De voeding van de slaven is waarschijnlijk niet veel soeps geweest, gezien aan bijvoorbeeld de Beschouwing van den toestand der Surinaamse Plantagieslaven van de arts F.A. Kuhn (werkzaam in Suriname). Hij beschrijft dat zout en peper in het begin van de 19e eeuw de gewichtigste behoeften waren van de negers, aangezien de ‘ongeloofelijke menigte van taaije spijzen’ anders onverteerbaar zouden zijn. Ook zou de neger niet kieskeurig zijn als het aankwam op de houdbaarheidsdata: ‘hij verteert, met graagte, niet zelden visch, vleesch of spek, waaraan reeds een merkelijke graad van bederf aanwezig is’.[8]

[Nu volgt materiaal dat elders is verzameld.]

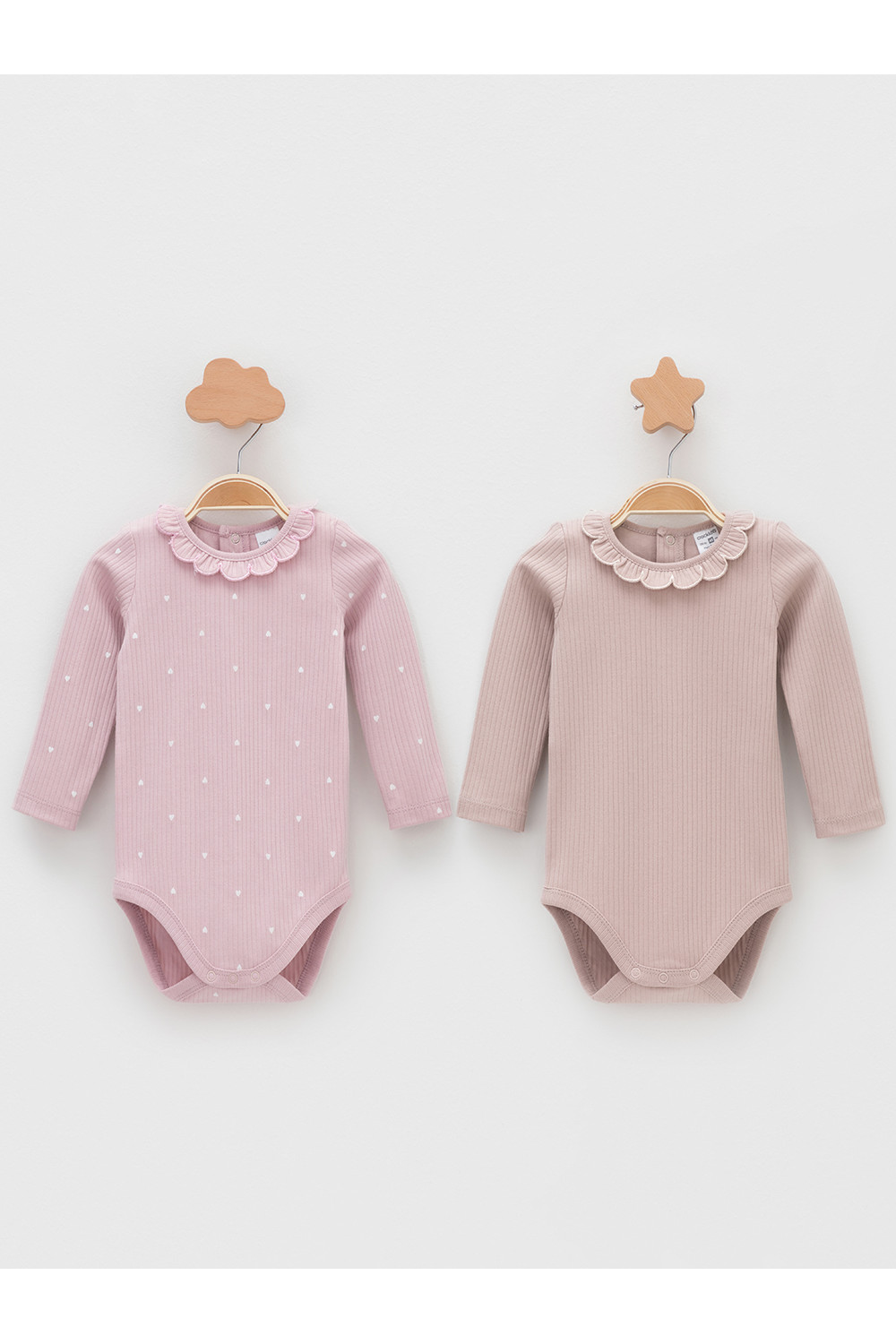 Боди для новорождённых из мягкого эластичного трикотажа, произведённого из натурального хлопка. В упаковке 2 штуки. Застёгиваются на кнопки на спинке и по низу изделий. Все трикотажные полотна производятся в соответствии с нормами швейцарского сертификата ЭкоТекс.

Ouma en haar verleden bewerken

Hoewel de slavernij in 1863 is afgeschaft in Suriname, en ouma waarschijnlijk een stuk later leefde, is het niet onaannemelijk dat zij in haar jeugd ook in dergelijke situaties van contrast tussen weelde en armoede leefde. Het is echter lastig om de tijd van ouma’s jeugd precies te bepalen. De eerder beschreven ambigue houding van ouma tot voedsel hangt samen met haar verleden, ‘toen ze belast was met de zorg voor het eten ten gouverneurshuize’ (Vianen 1984:7). In het boek wordt een aantal malen gesuggereerd dat ouma nu is zoals ze is, vanwege haar verleden. Hoe haar relatie tot de gouverneur was, blijft impliciet. Het is duidelijk dat zij in de keuken voor hem werkte, en vaak in barre omstandigheden. ‘Iemand anders zou zeggen dat ze bij iedere stap die ze deed de uitdrukking “Werken totdat je met je smoel op de grond valt” aan het waar maken was, maar dan als eindresultaat van de prapistokperiode en haar beroemde cakes. De jaren van de prapi’s waren voorbijgevlogen, wat ze eraan overgehouden had was een schreeuwerige beschuldigende preek vanaf de kansel en een onuitroeibare adoratie voor de lichte huid. Haar hersens waren omgevormd, ze draaiden in tegenovergestelde richting en er was voortdurend kortsluiting. Soms was ze zo Afrikaans als het maar wezen kon en dan schoot er een vonk los die haar verschrikkelijk menselijk maakte.’ (Vianen 1984:25) Hier wordt duidelijk hoezeer ze in een identiteitscrisis is gekomen door haar verleden. De scheidslijn tussen zwart en blank is weggevaagd, tussen materiële en immateriële (de preken) waarden. Ze leeft nog steeds in het verleden en idealiseert het, hoewel de tijden zwaar waren en ze er vele lichaamskwalen aan heeft overgehouden. ‘Ze klaagde nooit over het verleden en bleef de tijd idealiseren van de prapi en de prapistok waarmee ze uren achtereen de suiker en de eieren moest drillen voor haar beroemde cakes en Engelse bollen, gebakken in Wijsmanboter. Alles werd gebakken en gestoofd in Wijsmanboter, bonen in Wijsmanboter, pastei, kool in Wijsmanboter. Margarine dat was helemaal niets, olie was nog veel erger. Dat was voor koelies, voor ‘die’ en ‘deze’ mensen.’ (Vianen 1984:7). Deze passage illustreert wat rijke gouverneurs zoal voorgeschoteld kregen door hun Afrikaanse ‘werknemers’. De weelde voor de blanken die hier beschreven wordt, stemt overeen met de situaties beschreven in teksten over plantagehouders in Suriname in de 18e en 19e eeuw.